Try setting aside 30 minutes a day to do 25 repetitions of a single step. Stick with that step until your dog is showing obvious signs that they are pleased to see you approach (see below).

  1. Approach an empty food bowl/puzzle toy from at least 6 feet away. Drop extra special, high-value treats in the bowl then walk away. In some of your later repetitions, touch or pick up the bowl, then drop treats inside and walk away.
  2. Approach a food bowl filled with dry kibble from at least six feet away. Drop extra special, high-value treats in the bowl then walk away. In some of your later repetitions, touch or pick up the bowl, then drop treats inside and walk away.
  3. Approach a food bowl filled with half kibble, half canned food from at least six feet away. Drop extra special, high-value treats in the bowl then walk away. In some of your later repetitions, touch or pick up the bowl, then drop treats inside and walk away.
  4. Approach a food bowl filled with canned food from at least six feet away. Drop extra special, high-value treats in the bowl then walk away. In some of your later repetitions, touch or pick up the bowl, then drop treats inside and walk away.
  5. Approach a food bowl filled with dog-friendly human food like chicken from at least six feet away. Drop extra special, high-value treats in the bowl then walk away. In some of your later repetitions, touch or pick up the bowl, then drop treats inside and walk away.

Training a dog to share a bed or couch

As above, try setting aside 30 minutes a day to do 25 repetitions of a single step. Stick with a step until your dog is showing obvious signs that they are pleased to see you approach (see below).
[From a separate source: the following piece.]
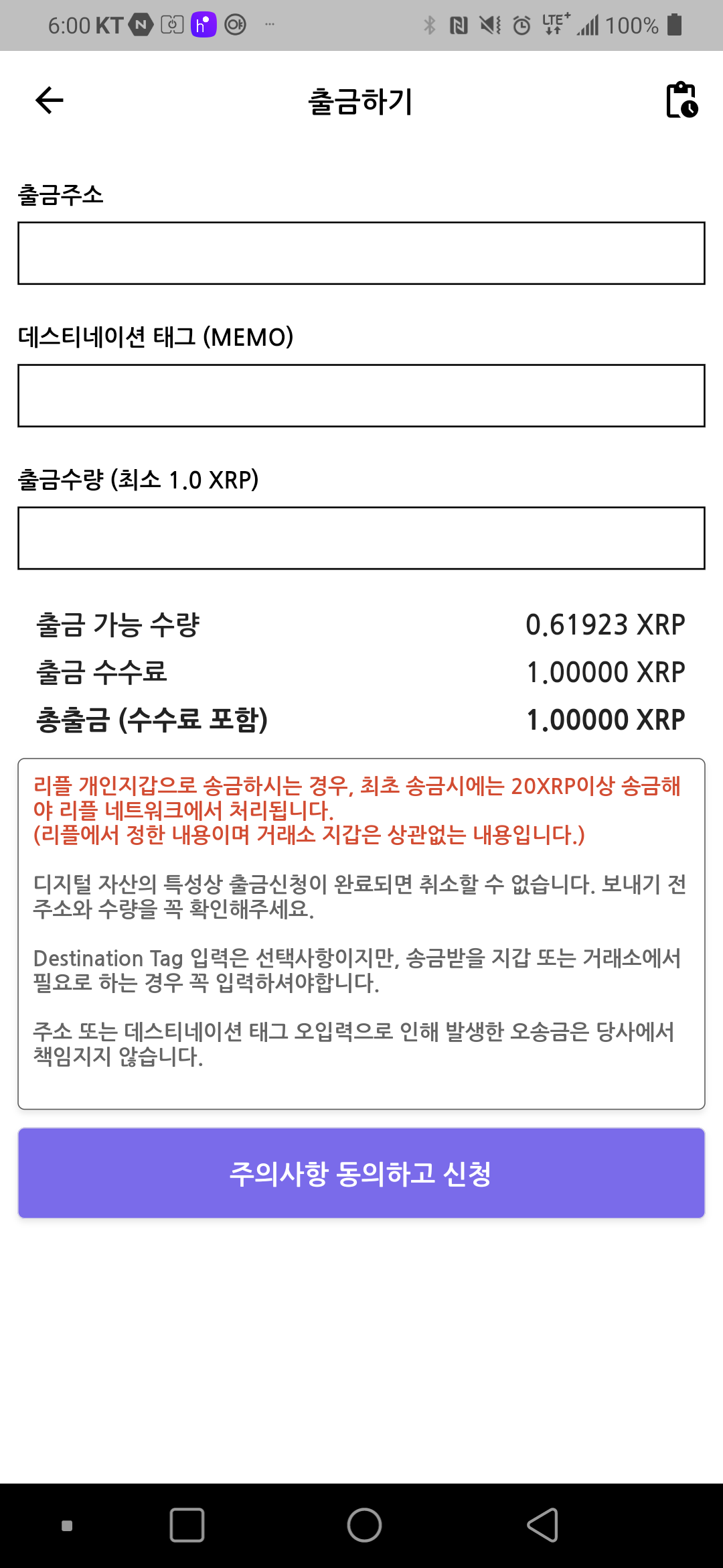 출금하기를 누르면 이와 같은 화면을 볼 수 있습니다.

  1. Pick a piece of furniture your dog doesn’t typically guard and ask them to jump up on it. Immediately ask them to get off the furniture then reward them with an extra special, high-value treat. Repeat.
  2. Generalize Step 1 by asking your dog to get up on other pieces of furniture that your dog doesn’t typically guard. Ask them to immediately get back off the couch then reward them with an extra special, high-value treat. Repeat.
  3. Move to a location your dog has guarded in the past. Ask them to get on the furniture and then to immediately get off again, rewarding after they are on the ground. Repeat.
  4. Begin to try asking your dog to get off of the furniture outside of training sessions. Reward heavily when they respond.
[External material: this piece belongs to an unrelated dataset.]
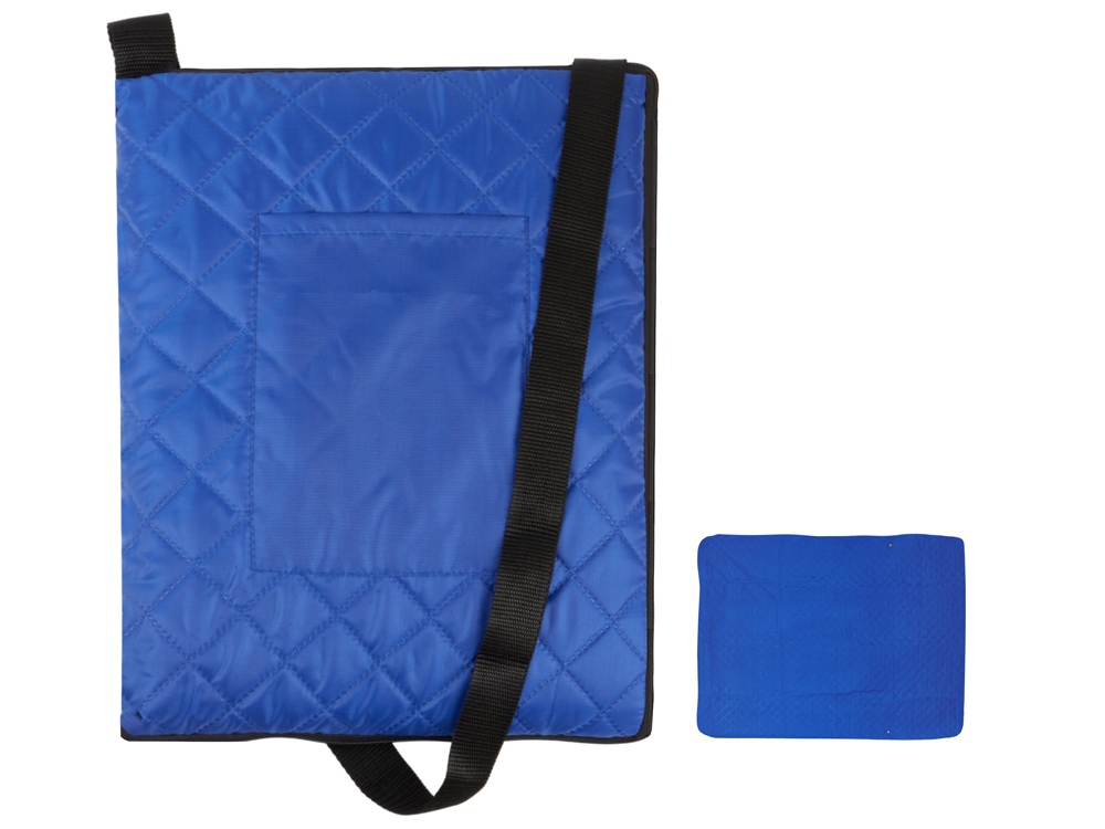 Двухсторонний плед с водоотталкивающим покрытием с одной стороны и мягким флисом с другой. Складывается в сумку на плечо и фиксируется с помощью молнии. В собранном виде имеет регулируемый по длине ремень для переноски и наружный карман для мелочей.

How do you know when to move to the next step?

To move at a speed that will actually change your dog’s behavior, you must look to them to tell you when they’re ready to move on. If you have correctly counter conditioned your dog to approaching their food bowl, for example, they will be pleased when you do instead of becoming tense and upset.

Keep generalizing

Once you’ve begun teaching your dog to share, they are unlikely to have the same improved reaction to the approach of other family members when eating or sleeping as they do with you.

This is because dogs are not very good at understanding that one rule applies to multiple contexts.

To get around this, make sure that multiple people in the household practice resource guarding training with your dog. That includes family members and also friends and any pet sitter or dog walker your dog spends time with.

Dog training guru Jean Donaldson recommends that a dog goes through training with three or four people (preferably of different ages and genders) before they can be considered reliably “cured” of their guarding.

However, even once this has been accomplished, putting your dog in the position of being approached by a stranger when eating or sleeping will always be a risk. This should be avoided at all costs. Set your dog up for success with training and management, and you’ll both be happier.